DNA extraction was performed according to Sampaio et al. (2001) and Almeida (2005). Molecular characterization was performed by sequencing the D1/D2 region of the 26S rDNA gene using the NL1 (5′-GCATATCAATAAGCGGAGGAAAAG-3′) and NL4 (5′-GGTCCGTGTTTCAAGACGG-3′) primers (O’Donnel, 1993). For the polymerase chain reaction (PCR), the following reagents and concentrations were used: 10 ng of DNA, 1× enzyme buffer for Taq DNA polymerase (Sigma-Aldrich), 3.7 mM MgCl2, 0.6 pmol µL^-1 dNTPs (Sigma-Aldrich), 0.4 pmol µL^-1 each primer (Biomers), and 5 U of Taq DNA polymerase (Applied Biosystems), with the final volume adjusted to 50 µL with sterile ultra-pure water. The genomic DNA of Saccharomyces cerevisiae (10 ng) was used as a positive control (obtained collection of microorganisms LABGen). The amplification reactions were performed in a peqstar 96× Universal Gradient thermal cycler (PeqLab, Erlangen, Germany) and were programmed for an initial denaturation at 94ºC for 3 min., followed by 28 cycles of denaturation (94°C, 30 s), annealing (58°C, 1 min.), extension (72°C, 2 min.), and a final extension at 72°C for 5 min. The amplified products were resolved on a 0.8% agarose gel, stained with ethidium bromide, and visualized under ultraviolet light. The PCR fragments were then purified using a GFX PCR kit (Amersham Biosciences, Piscataway, NJ, USA), and the amplicons were later sequenced on an automatic sequencer ABI 310 (Applied Biosystems, Foster City, CA, USA) at the Molecular Genetics Laboratory of Universidade Federal do Recôncavo da Bahia. The second round of the sequencing was performed using an ABI PRISM 3100 genetic analyzer (Applied Biosystems) by ACTGene Molecular Analysis Ltda (Rio Grande do Sul, Brazil). The DNA sequences thus obtained were then compared with the available genomic sequences in the GenBank database using the Basic Local Alignment Search Tool (BLAST) at http://www.ncbi.nlm.nih.gov (Altschul, Gish, Miller, Myers, & Lipman, 1990).

Fermentation Experiments

The fermentation experiments with Cryptococcus laurentii SD7 were carried out in 125 mL Erlenmeyer flasks containing 25 mL of (%): (NH₄)₂SO₄ 0.2; KH₂PO₄ 0.1; MgSO₄.7H₂O 0.05; CaCl₂ 0.01; NaCl 0.01; yeast extract 0.1. The inoculum consisted of 10% of the fermentation medium volume after 24 hours of growth. The fermentation experiments were carried out in 125 mL Erlenmeyer flasks according to the Central Composite Design 2³ (CCD) matrix as described by Rodrigues and Iemma (2009), and the studied variables were the concentration of molasses (1.6 to 8.4%), pH (1.6 to 8.4) and corn steep liquor (0.16 to 0.84%), and in total 17 assays were carried out (Table 1). The results obtained from the experimental model were analyzed using the Statistica software version 7.1.

EPS determination

Whole cell cultures were centrifuged at 5000 G-force/RCF for 20 min. to separate the yeast cells from the supernatant. The exopolysaccharides in the cell-free supernatant were precipitated with 2 vol. of 96% ethanol at 4ºC for 24 hours. The resultant supernatant was discarded, and the pellet was dried at 80ºC and weighed.

Cellular growth

The cell growth was determined by measuring the turbidity of the diluted sample at 600 nm using a standard absorbance curve against the dry cell.

Validation of model

The validation tests were further carried out to confirm if the increase in the concentration of molasses could increase the production of the EPS. In order to accomplice this, 0.3% of corn steep liquor and pH 5.0 were used, and the concentrations of sugarcane molasses were varied (Figure 3). The tests were carried out in triplicate and the results obtained were evaluated by means of analysis of variance (ANOVA) and Tukey test at 5% significance by the software R.

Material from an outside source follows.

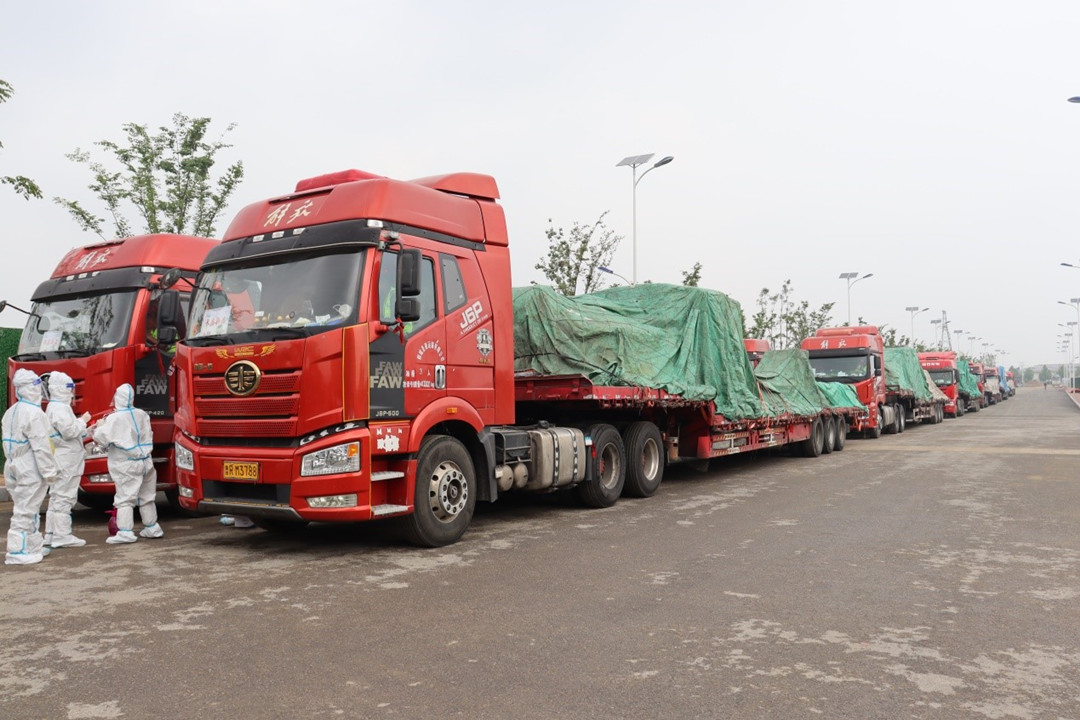 在设备安装的关键节点,受疫情影响,碳化线部分关键设备滞留上海,无法运出,对碳化A线调试运行产生重大影响。在此紧要关头,大成科技主动对接,多方协调,对设备滞留情况进行全面细致的研究,协同配合政府有关部门,积极与上海有关方面沟通联系,经过反复交流和确认,在疫情防控政策允许的范围内,制定运输方案,打通了上海至山东的物流堵点。大成科技采购部门主动请缨,逆行赴沪,由一名班子成员带队前往,全程协调运输对接事宜,全流程组织完成对接联系、疫情防控、人员组织、货物装运、报关审批、车队管理等关键环节。经过5天的日夜兼程,5月10日上午,14辆MAE碳化冷包设备运输车辆顺利从上海抵达泰安的碳纤维项目现场,为项目早日投产争取了宝贵时间。

EPS production kinetics and cell growth

To assess the influence of different cultivation times on the production of EPS, the optimized condition was established and fermentative tests were performed as described for the experimental design. The tests were performed in triplicate and samples were evaluated between 6 and 168 hours. The results were analyzed using the Scott Knott test at 5% significance.

Results

Molecular identification

A 601 bp length coding for the D1/D2 region of strain the SD7 showed 99% identity with the sequences of the D1/D2 domain of Cryptococcus laurentii (Figure 1).

Effects of various parameters on the EPS production by Cryptococcus laurentii SD7

The tests 6, 10, 13, and 17 are the conditions where EPS production was above 2.0 g L^-1 (Table 1). The common conditions in these tests were 5.0% of molasses, between 0.5% and 0.7% of corn steep liquor and acidic pH (between 3 and 5). Test 10 showed the highest EPS production as 2.65 g L^-1.

EPS production increased with an increase in the concentration of sugarcane molasses (Figure 2a). For corn steep liquor, in turn, the concentration range studied did not show any significant effects, suggesting that its variation did not influence the production of EPS (Figure 2b). Therefore, it was possible to work with the lowest concentration of 0.3% of this nitrogen source. Regarding the pH, the maximum EPS production occurred at pH 5, where the EPS production decreased at pH values above and below pH 5 (Figure 2c).

The analysis of the regression coefficients showed that the only statistically significant variables in the production of EPS (p < 0.1) were carbon source and pH (Table 2). The F_calc value of 13.2 showed that the results were highly significant, and the correlation between the predicted and observed values was satisfactory (Table 3). This indicated that the results well fitted the model, and the regression coefficient values can be used to generate the model equation (Equation 1):

Validation of model

The increase in the concentration of molasses up to 12% did not lead to the increase in the production of EPS, and there was no statistical difference between the different concentrations of the molasses (p > 0.05). Therefore, we concluded the 10% molasses concentration should be used for the successive tests (Figure 3).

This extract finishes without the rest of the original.